Awakened this morning about six o’clock by Mrs. S. remarking, “I never saw the beat! Who would believe that so much of our country is desert?” I thought she was talking in her sleep, but turning over I find her gazing out of the window at the rapidly-fleeting landscape. We have drifted away from the mountains and rocks and are crossing a level, barren plain. For miles we see no sign of habitation or cultivation, but now in the distance we catch sight of an irrigating canal, with here and there a plot of land under cultivation whose fertility and verdure
break the hard lines of the desert monotony. We pass a station and upon the name board we see the word “Fruita,” a singular name, we think, for a station; but in the two seconds’ glance we have of its surroundings we can but feel that it is appropriate. Irrigating ditches, fertile fields, thrifty orchards, and blooming gardens are all seen in that fleeting glance, and we are more than ever impressed with the fact that it needs but water to convert these desert tracts into verdant fields. A number of our people are astir, and we too “turn out.” We find we are in Colorado, having crossed the State line at Utaline, a little station 35 miles west of Grand Junction, which we are now approaching, and where we arrive about seven o’clock. We halt here only long enough to change engines, but in our brief stay we can see that Grand Junction is quite a town. It has a population of about 4000; is located at the confluence of the Gunnison and Grand Rivers, with an elevation of 4500 feet; it is quite a railway centre, being the terminus of both the broad and narrow-gauge lines of the Denver and Rio Grande, the Rio Grande Western and the Colorado Midland Railways.
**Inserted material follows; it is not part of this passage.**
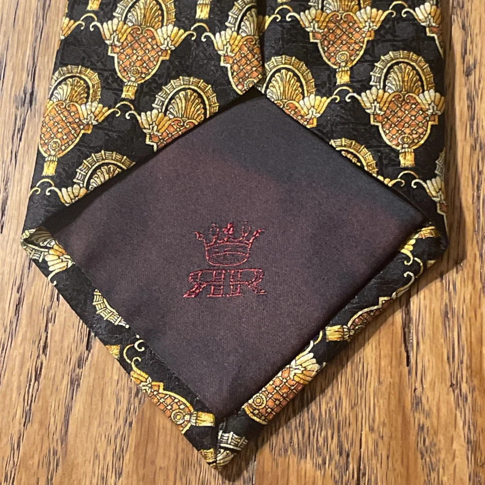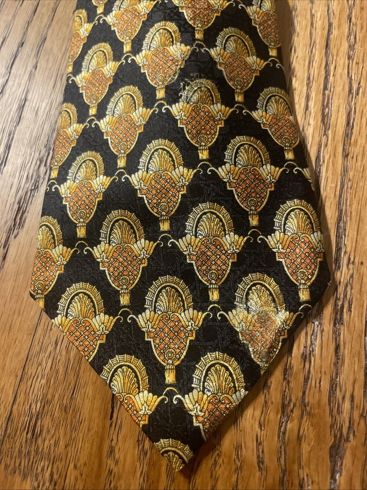 This Vintage EUC Michel Royal Baroque Geometric Silk Tie Necktie is a designer accessory for men, hand-made in Spain by the Richel Royal brand. The multicolor Baroque pattern on 100% silk satin fabric exudes a preppy and sophisticated style. With a classic width, this tie is perfect for adding a touch of vintage elegance to any formal ensemble. Made with quality and attention to detail, this necktie is sure to elevate any outfit with its timeless and intricate design.

At 9.08 A. M. Eastern (7.08 A. M. Mountain) time we leave Grand Junction, on the Denver and Rio Grande Railroad, with engine No. 522, Engineer “Cyclone” Thompson, Fireman Bert Roberts, Conductor William M. Newman, Brakemen J. Grout and O. McCullough. Conductor Hugh Long, of Salida Division No. 132, and Charles E. Hooper, advertising agent of the Denver and Rio Grande Railroad, met our train at Grand Junction, and we find them a pleasing and entertaining addition to our party. They present us with descriptive time tables, illustrated pamphlets, and souvenir itineraries of our trip over the wonderful scenic route of the Denver and Rio Grande Railroad. From Grand Junction to Glenwood Springs we follow the Grand River through the Valley of the Grand, amid grand and beautiful scenery. As we approach Glenwood Springs and pass the little stations of Rifle and Antlers, Brother Sloane grows very enthusiastic, for this is a noted hunting district, with which our brother is familiar. From Newcastle to Glenwood Springs, a distance of 12 miles, we traverse closely the north banks of the Grand River, and parallel with the tracks of the Colorado Midland Railroad on the opposite side.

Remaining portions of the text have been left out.